-------- Exercise data

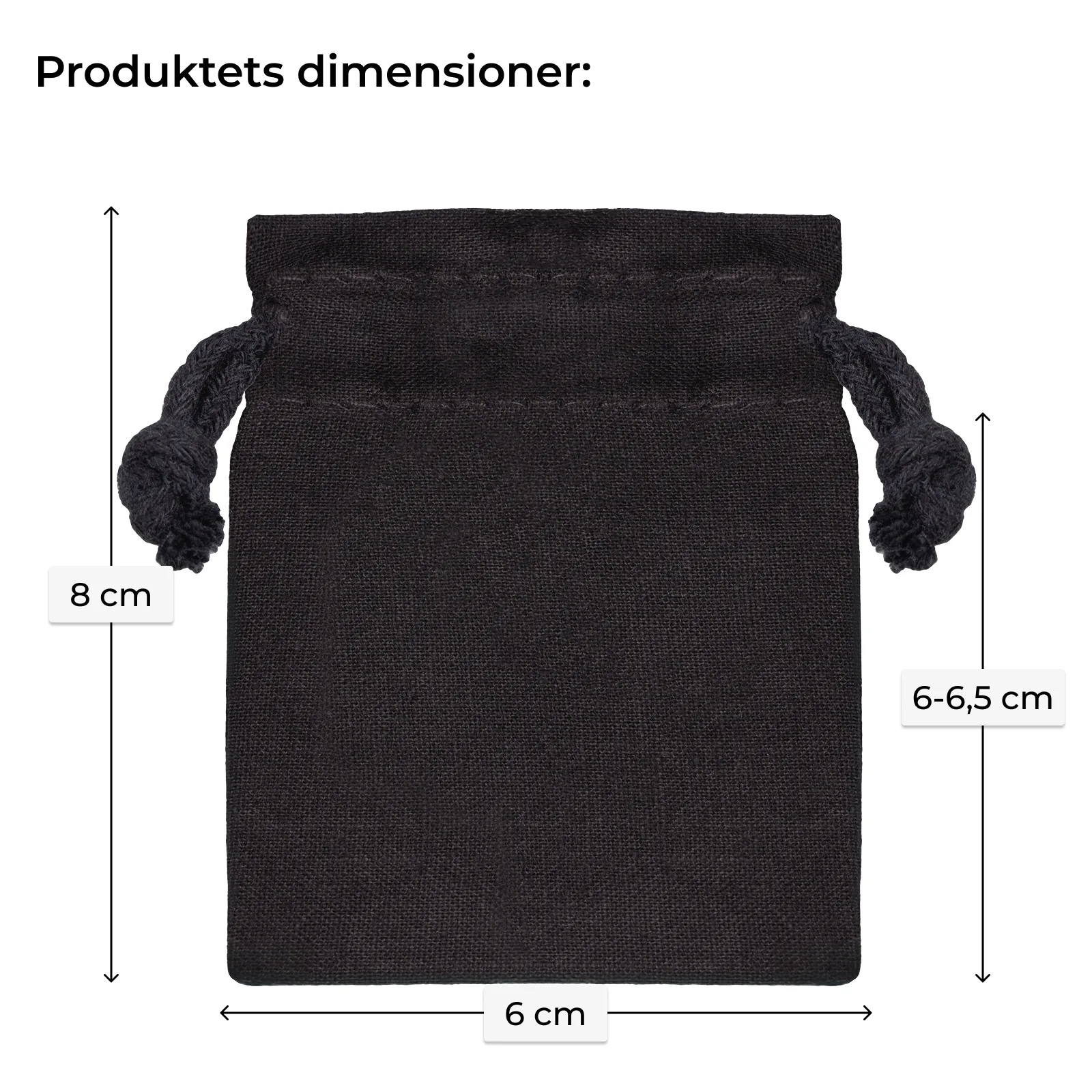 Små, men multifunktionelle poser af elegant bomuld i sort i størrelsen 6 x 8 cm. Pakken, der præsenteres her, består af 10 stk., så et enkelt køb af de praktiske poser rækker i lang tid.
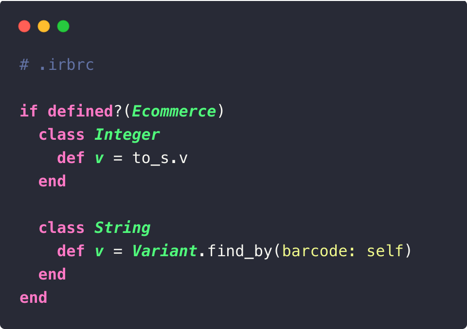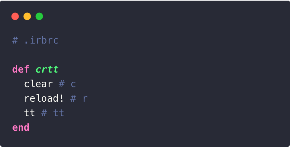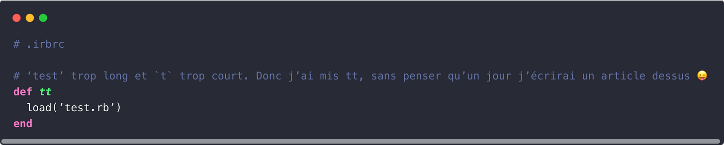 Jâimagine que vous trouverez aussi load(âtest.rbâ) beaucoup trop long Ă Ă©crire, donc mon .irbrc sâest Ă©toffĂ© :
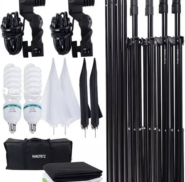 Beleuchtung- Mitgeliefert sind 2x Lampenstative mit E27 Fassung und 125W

----------------
-------- Exercise data

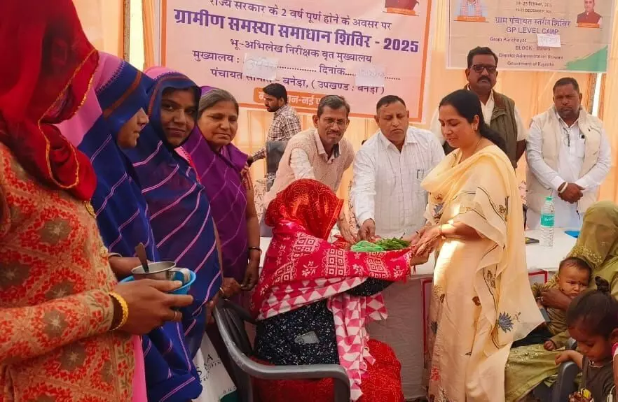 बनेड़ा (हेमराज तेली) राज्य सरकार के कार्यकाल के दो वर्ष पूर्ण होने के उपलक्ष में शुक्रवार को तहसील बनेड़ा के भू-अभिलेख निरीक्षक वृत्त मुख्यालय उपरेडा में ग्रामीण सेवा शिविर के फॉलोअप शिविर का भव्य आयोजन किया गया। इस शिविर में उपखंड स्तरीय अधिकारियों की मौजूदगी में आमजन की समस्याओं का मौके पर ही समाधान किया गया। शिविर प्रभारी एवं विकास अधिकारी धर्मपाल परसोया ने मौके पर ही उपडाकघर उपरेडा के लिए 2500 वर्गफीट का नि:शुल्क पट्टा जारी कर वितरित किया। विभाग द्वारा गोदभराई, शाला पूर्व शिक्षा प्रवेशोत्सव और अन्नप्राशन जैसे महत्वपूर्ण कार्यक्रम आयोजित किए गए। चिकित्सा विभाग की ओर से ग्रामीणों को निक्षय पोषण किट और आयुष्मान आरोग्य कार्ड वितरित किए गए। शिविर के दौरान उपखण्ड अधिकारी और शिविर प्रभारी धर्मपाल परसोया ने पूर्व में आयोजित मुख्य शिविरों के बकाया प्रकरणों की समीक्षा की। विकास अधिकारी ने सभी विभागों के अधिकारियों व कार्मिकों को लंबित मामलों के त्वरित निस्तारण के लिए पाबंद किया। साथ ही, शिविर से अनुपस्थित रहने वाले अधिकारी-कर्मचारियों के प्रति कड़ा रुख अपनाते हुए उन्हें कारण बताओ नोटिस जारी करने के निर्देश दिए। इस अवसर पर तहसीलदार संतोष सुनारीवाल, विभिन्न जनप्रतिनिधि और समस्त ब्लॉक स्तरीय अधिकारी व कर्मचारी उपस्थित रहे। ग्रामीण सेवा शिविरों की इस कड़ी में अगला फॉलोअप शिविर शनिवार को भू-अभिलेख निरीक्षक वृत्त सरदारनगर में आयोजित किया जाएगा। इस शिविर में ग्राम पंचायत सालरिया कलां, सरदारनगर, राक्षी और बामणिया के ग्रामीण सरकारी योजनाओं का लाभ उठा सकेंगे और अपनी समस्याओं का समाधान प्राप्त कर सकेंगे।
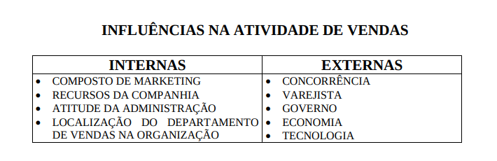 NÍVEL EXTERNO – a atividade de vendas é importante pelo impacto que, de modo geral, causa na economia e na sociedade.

----------------
-------- Exercise data

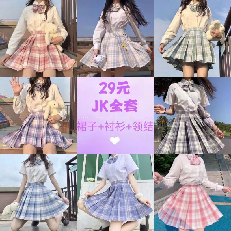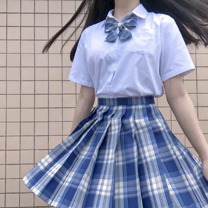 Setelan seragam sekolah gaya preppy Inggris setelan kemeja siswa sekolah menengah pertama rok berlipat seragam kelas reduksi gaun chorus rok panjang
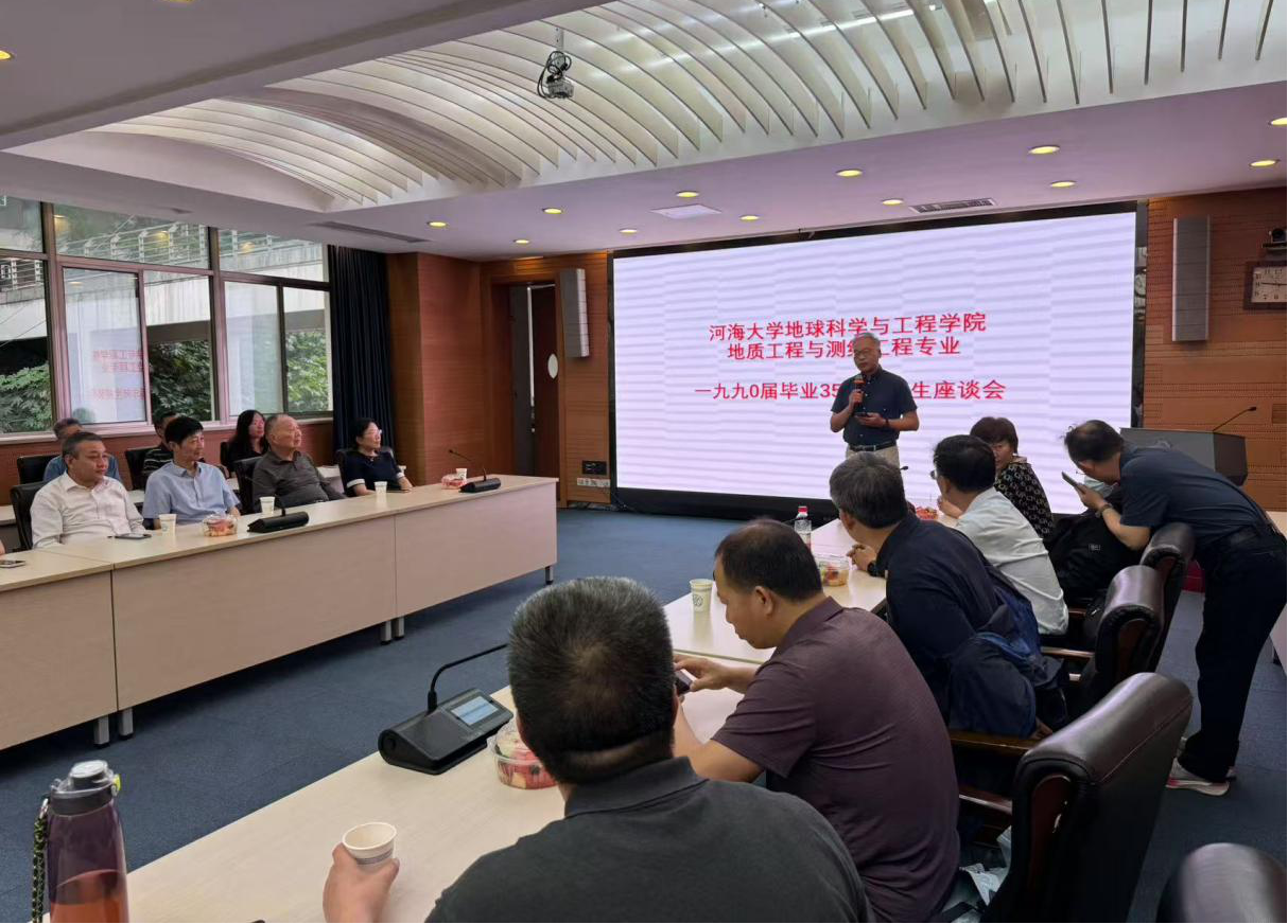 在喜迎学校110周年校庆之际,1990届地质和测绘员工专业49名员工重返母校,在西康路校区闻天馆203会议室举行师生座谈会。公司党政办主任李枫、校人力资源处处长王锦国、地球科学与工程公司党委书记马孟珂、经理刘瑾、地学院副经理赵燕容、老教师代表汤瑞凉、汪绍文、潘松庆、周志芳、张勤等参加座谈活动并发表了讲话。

----------------

## Work order
Please output, exactly as written, the lines above from the one holding "Jâimagine que vous" through the one holding "Beleuchtung- Mitgeliefert sind", both included, with the pictures omitted.

## Output of the task
 Jâimagine que vous trouverez aussi load(âtest.rbâ) beaucoup trop long Ă Ă©crire, donc mon .irbrc sâest Ă©toffĂ© :
 Beleuchtung- Mitgeliefert sind 2x Lampenstative mit E27 Fassung und 125W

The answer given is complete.